◆ Exercise requirements:
Write out, exactly and in full, the records given below, but not their pictures.

(Records from a data collection)
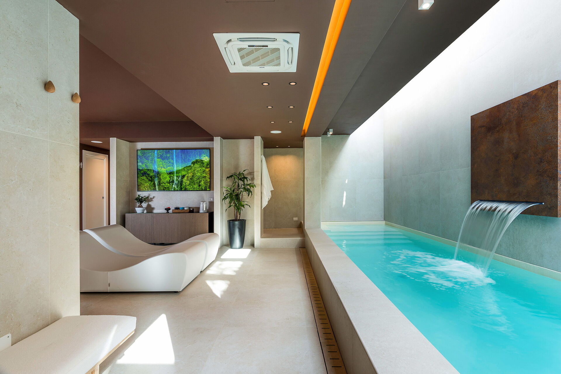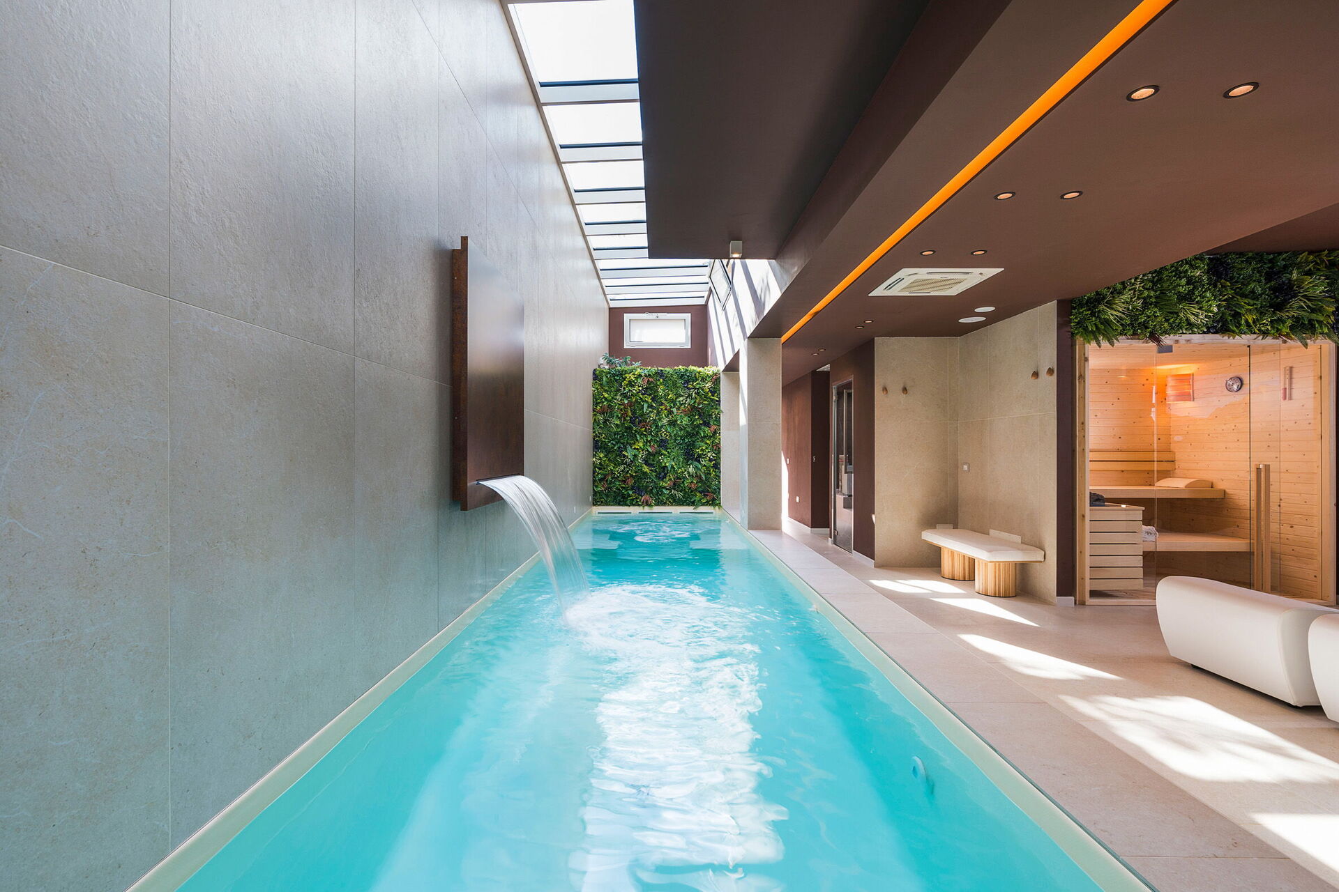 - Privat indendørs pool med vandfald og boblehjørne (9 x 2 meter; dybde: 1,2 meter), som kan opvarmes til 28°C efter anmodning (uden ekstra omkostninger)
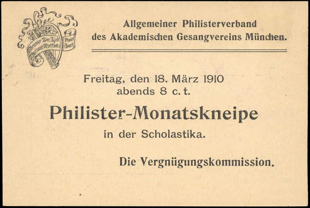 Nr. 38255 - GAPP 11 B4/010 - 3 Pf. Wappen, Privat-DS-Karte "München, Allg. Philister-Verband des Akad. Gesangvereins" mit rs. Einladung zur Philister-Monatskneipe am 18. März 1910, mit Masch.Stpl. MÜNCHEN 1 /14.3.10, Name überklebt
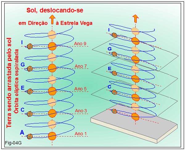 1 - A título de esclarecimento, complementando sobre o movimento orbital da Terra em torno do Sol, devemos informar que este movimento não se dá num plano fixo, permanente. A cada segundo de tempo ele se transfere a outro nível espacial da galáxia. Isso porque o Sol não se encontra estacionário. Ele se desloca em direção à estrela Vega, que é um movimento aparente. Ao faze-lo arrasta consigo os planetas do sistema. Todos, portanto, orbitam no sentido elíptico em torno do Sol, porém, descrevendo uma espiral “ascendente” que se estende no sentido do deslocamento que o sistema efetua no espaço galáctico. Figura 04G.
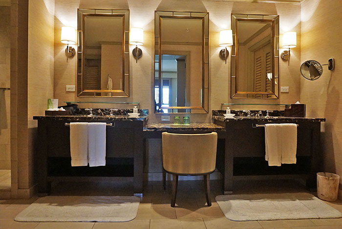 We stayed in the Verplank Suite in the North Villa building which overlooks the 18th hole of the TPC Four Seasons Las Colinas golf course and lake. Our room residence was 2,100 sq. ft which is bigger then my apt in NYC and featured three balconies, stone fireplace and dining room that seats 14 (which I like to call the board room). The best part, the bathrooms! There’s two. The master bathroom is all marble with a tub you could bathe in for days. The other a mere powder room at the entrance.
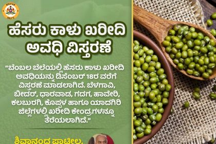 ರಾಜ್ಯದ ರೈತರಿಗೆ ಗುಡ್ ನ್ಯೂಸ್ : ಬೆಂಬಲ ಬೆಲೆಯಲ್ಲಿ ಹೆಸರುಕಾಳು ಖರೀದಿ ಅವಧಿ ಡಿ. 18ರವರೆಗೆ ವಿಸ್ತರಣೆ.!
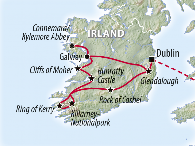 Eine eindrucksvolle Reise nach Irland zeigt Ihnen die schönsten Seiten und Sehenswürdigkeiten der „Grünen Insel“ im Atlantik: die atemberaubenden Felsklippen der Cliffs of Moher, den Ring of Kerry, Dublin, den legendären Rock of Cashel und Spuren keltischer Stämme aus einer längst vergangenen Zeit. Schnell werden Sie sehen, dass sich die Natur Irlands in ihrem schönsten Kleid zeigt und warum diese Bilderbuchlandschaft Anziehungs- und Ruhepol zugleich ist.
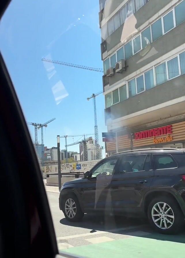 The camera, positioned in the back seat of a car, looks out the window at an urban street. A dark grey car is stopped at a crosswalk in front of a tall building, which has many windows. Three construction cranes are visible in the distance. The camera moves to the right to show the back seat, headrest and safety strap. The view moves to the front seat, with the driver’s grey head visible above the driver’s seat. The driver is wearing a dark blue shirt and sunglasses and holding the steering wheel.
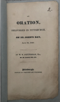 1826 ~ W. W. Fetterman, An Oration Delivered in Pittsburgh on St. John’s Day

◆ Answer section:
 - Privat indendørs pool med vandfald og boblehjørne (9 x 2 meter; dybde: 1,2 meter), som kan opvarmes til 28°C efter anmodning (uden ekstra omkostninger)
 Nr. 38255 - GAPP 11 B4/010 - 3 Pf. Wappen, Privat-DS-Karte "München, Allg. Philister-Verband des Akad. Gesangvereins" mit rs. Einladung zur Philister-Monatskneipe am 18. März 1910, mit Masch.Stpl. MÜNCHEN 1 /14.3.10, Name überklebt
 1 - A título de esclarecimento, complementando sobre o movimento orbital da Terra em torno do Sol, devemos informar que este movimento não se dá num plano fixo, permanente. A cada segundo de tempo ele se transfere a outro nível espacial da galáxia. Isso porque o Sol não se encontra estacionário. Ele se desloca em direção à estrela Vega, que é um movimento aparente. Ao faze-lo arrasta consigo os planetas do sistema. Todos, portanto, orbitam no sentido elíptico em torno do Sol, porém, descrevendo uma espiral “ascendente” que se estende no sentido do deslocamento que o sistema efetua no espaço galáctico. Figura 04G.
 We stayed in the Verplank Suite in the North Villa building which overlooks the 18th hole of the TPC Four Seasons Las Colinas golf course and lake. Our room residence was 2,100 sq. ft which is bigger then my apt in NYC and featured three balconies, stone fireplace and dining room that seats 14 (which I like to call the board room). The best part, the bathrooms! There’s two. The master bathroom is all marble with a tub you could bathe in for days. The other a mere powder room at the entrance.
 ರಾಜ್ಯದ ರೈತರಿಗೆ ಗುಡ್ ನ್ಯೂಸ್ : ಬೆಂಬಲ ಬೆಲೆಯಲ್ಲಿ ಹೆಸರುಕಾಳು ಖರೀದಿ ಅವಧಿ ಡಿ. 18ರವರೆಗೆ ವಿಸ್ತರಣೆ.!
 Eine eindrucksvolle Reise nach Irland zeigt Ihnen die schönsten Seiten und Sehenswürdigkeiten der „Grünen Insel“ im Atlantik: die atemberaubenden Felsklippen der Cliffs of Moher, den Ring of Kerry, Dublin, den legendären Rock of Cashel und Spuren keltischer Stämme aus einer längst vergangenen Zeit. Schnell werden Sie sehen, dass sich die Natur Irlands in ihrem schönsten Kleid zeigt und warum diese Bilderbuchlandschaft Anziehungs- und Ruhepol zugleich ist.
 The camera, positioned in the back seat of a car, looks out the window at an urban street. A dark grey car is stopped at a crosswalk in front of a tall building, which has many windows. Three construction cranes are visible in the distance. The camera moves to the right to show the back seat, headrest and safety strap. The view moves to the front seat, with the driver’s grey head visible above the driver’s seat. The driver is wearing a dark blue shirt and sunglasses and holding the steering wheel.
 1826 ~ W. W. Fetterman, An Oration Delivered in Pittsburgh on St. John’s Day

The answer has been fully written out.